HARE Framework Boosts AI Accuracy in Cancer Pathology Reports

New evaluation tool significantly improves clinical relevance of AI-generated histopathology texts.

Researchers have developed HARE, a new framework for evaluating AI-generated histopathology reports. It uses a specialized benchmark and models to prioritize clinically relevant information. This leads to more accurate and reliable AI outputs for medical professionals.

By Katie Rowan

September 23, 2025

4 min read

HARE Framework Boosts AI Accuracy in Cancer Pathology Reports

Key Facts

HARE is a novel entity and relation centric evaluation framework for histopathology reports.
It comprises a benchmark dataset, a named entity recognition (NER) model, a relation extraction (RE) model, and a new metric.
The HARE benchmark was created by annotating 813 clinical and 652 TCGA histopathology reports.
HARE-NER and HARE-RE models, fine-tuned from GatorTronS, achieved an F1-score of 0.915.
The HARE metric significantly outperformed traditional and radiology-specific metrics, including GREEN.

Why You Care

Ever wondered if AI could truly understand complex medical reports? Imagine relying on AI for essential health insights. A new creation promises to make AI-generated medical texts much more reliable. This directly impacts how medical AI can assist doctors. Do you trust AI with your health data?

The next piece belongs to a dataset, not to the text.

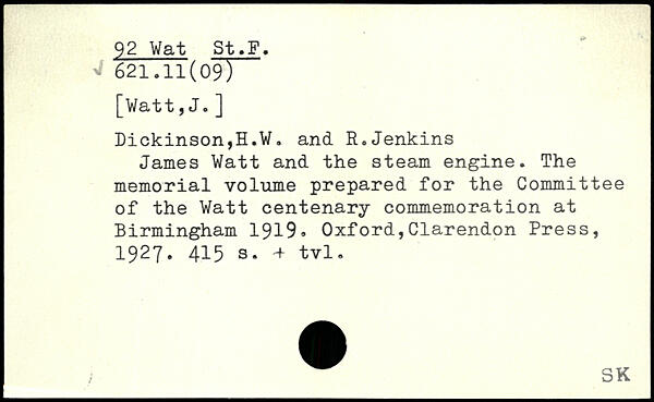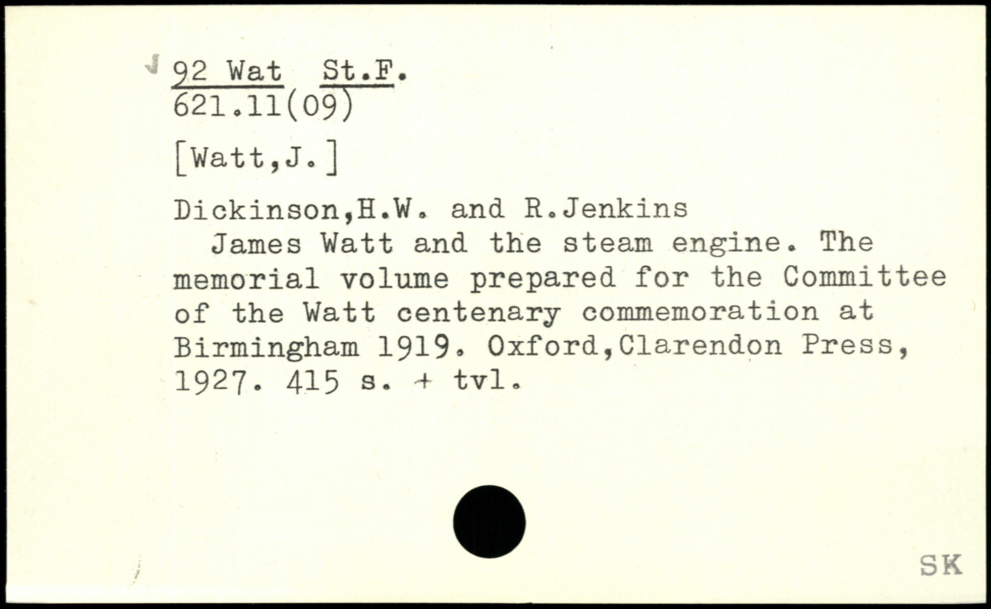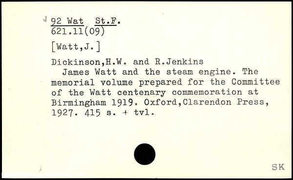 James Watt and the steam engine. The memorial volume prepared for the Committee of the Watt centenary commemoration at Birmingham 1919,.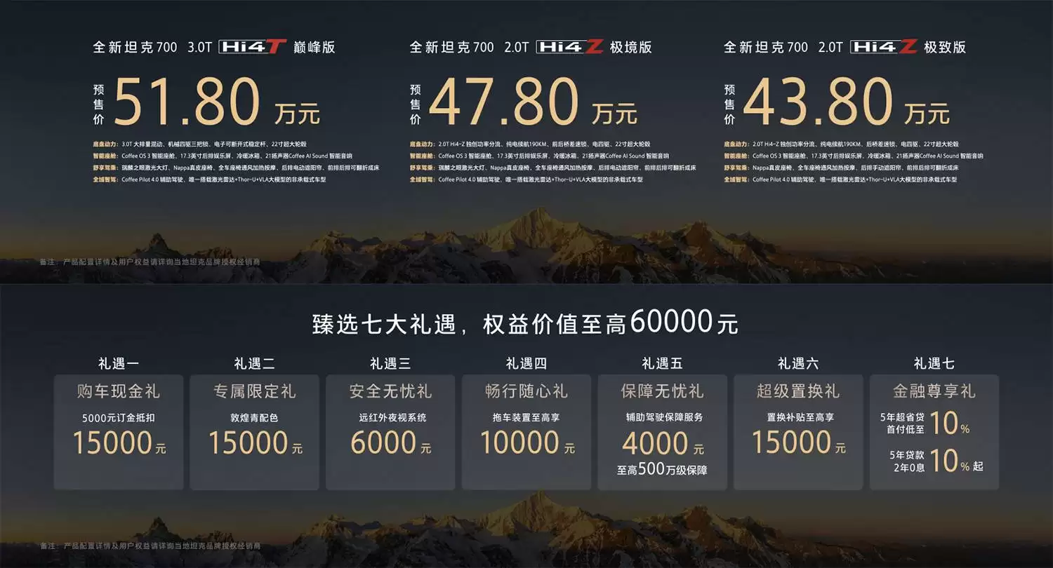 坦克700预购43.8万起:双动力配置重塑硬派越野新标杆

This creation addresses a crucial challenge in AI creation. It focuses on evaluating the clinical quality of AI-generated reports. This is especially important in specialized fields like histopathology. Your future medical care could benefit from this advancement.

What Actually Happened

Researchers recently introduced HARE (Histopathology Automated Report Evaluation). This is a novel structure designed to assess AI-generated medical reports, according to the announcement. HARE includes a benchmark dataset, a named entity recognition (NER) model, and a relation extraction (RE) model. It also features a new metric. This metric prioritizes clinically relevant content. It aligns essential histopathology entities and relations between reference and generated reports.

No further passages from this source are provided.